Beyond all that, laughter is simply enjoyable, as are all the things that make us laugh.
While we have highlighted some downsides of laughter as well, most of these are minor.
Okay, that might sound like a strange claim, given that one of the downsides was that laughter could cause serious harm and even kill you. However, just about anything can kill you if the circumstances align perfectly. You could die in the bathroom, in your car, crossing the road, or a million other ways.
Similarly, laughing could kill you, but it probably won’t. Instead, it’s likely to make you feel better and keep you healthy.
There is one catch, however. Most of the benefits of laughter are associated with genuine laughter.
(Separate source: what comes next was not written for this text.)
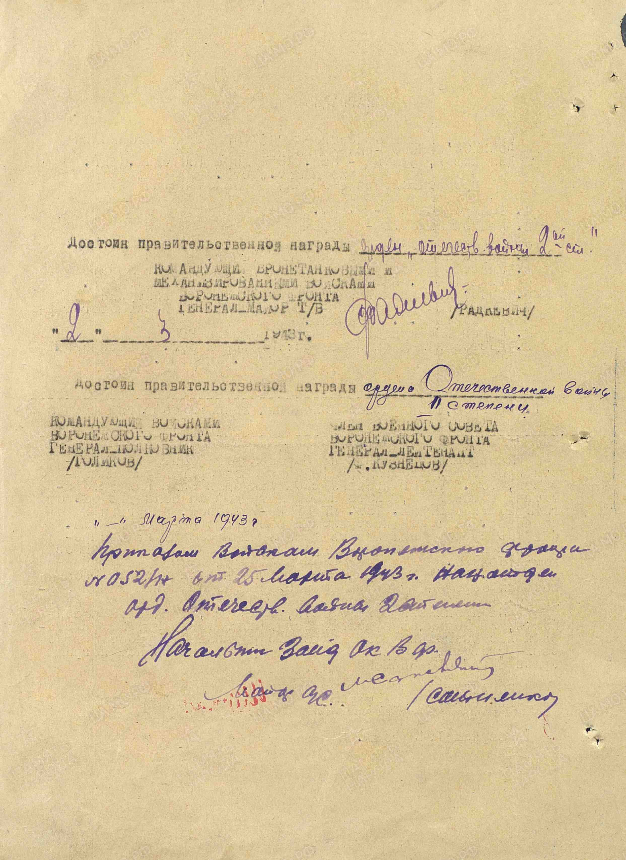 | 25.03.1943 | Орден Отечественной войны II степени |

Forcing laughter might not have the same stress reduction or feel-good effects, so it might not be nearly as good for you. Forced laughter isn’t as powerful socially either, as people can tell the difference and you may be giving them the wrong message.
This brings us back to a classic health and nutrition message – listen to yourself. You’ll see the most benefits by focusing on what works for your body, the things that make you feel good, not what society expects.
How To Laugh More
Genuine laughter is clearly more powerful than forced laughter, but does this mean that you need to just wait for the right moment to come along? Not necessarily.
There are ways to increase genuine laughter.
One trick is to look for images that make you laugh. You could print them out or perhaps start a Pinterest board. Pinterest works well, as the algorithm will keep recommending things that match your preferences.
Watching a funny movie, seeing a comedy act, or listening to the right podcast can help too. There are plenty out there designed to get people laughing – and many do an excellent job of doing so.
Don’t forget about YouTube either. There are endless funny clips to choose from on there. Again, the algorithm makes things easy for you.
Finally, try tweaking how you see the world around you. Look for the funny things. The little idiosyncrasies. The things that make you smile. There are multiple ways to see any given situation and there will often be a few funny ones. Once you start looking, you might be surprised at just how many good and amusing things there actually are.